The pseudo-covalent approach, in a similar vein, did not produce a structure with markedly increased estimated binding affinities for Penicillin G. Surprisingly, the optimization consistently leaned towards Ampicillin, regardless of the intended antibiotic in the interface design. However, upon closer inspection of the top three results for Penicillin G, we did discover mutants that exhibited notably exceptional estimated binding affinities for Ampicillin.

Most optimized BlaR1 mutant optimized for Penicillin G show much higher estimated binding affinity towards Ampicillin in the pseudo-covalent approach.

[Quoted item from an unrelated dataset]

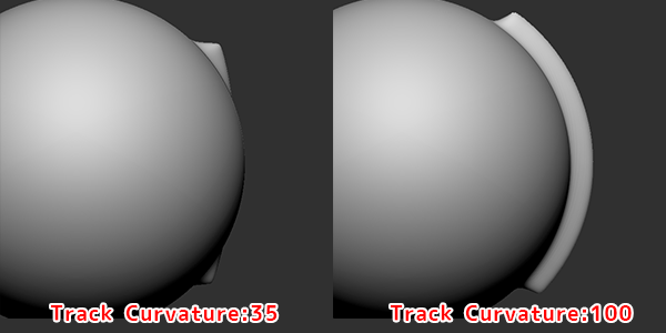 球体など曲線に描く場合はTrack Curvatureの数値を上げます

Fig. 6 shows the discovered mutant of BlaR1 which indicates many more hydrogen bonds for Ampicillin, resulting in a higher estimated binding affinity. This finding implies that utilizing similar antibiotics in the optimization process can help achieve results that are more optimal for the desired antibiotic.

Final Remarks

Creating receptors with enhanced binding affinities for specific antibiotics is an essential requirement for our whole-cell biosensor to remain competitive in the field of antibiotic detection systems. In total, we successfully developed two mutants of BlaR1 that exhibited significantly increased estimated binding affinities for Ampicillin. In doing so, we leveraged Rosetta's interface design protocol, introducing a novel approach to identify receptor mutants tailored for specific ligands.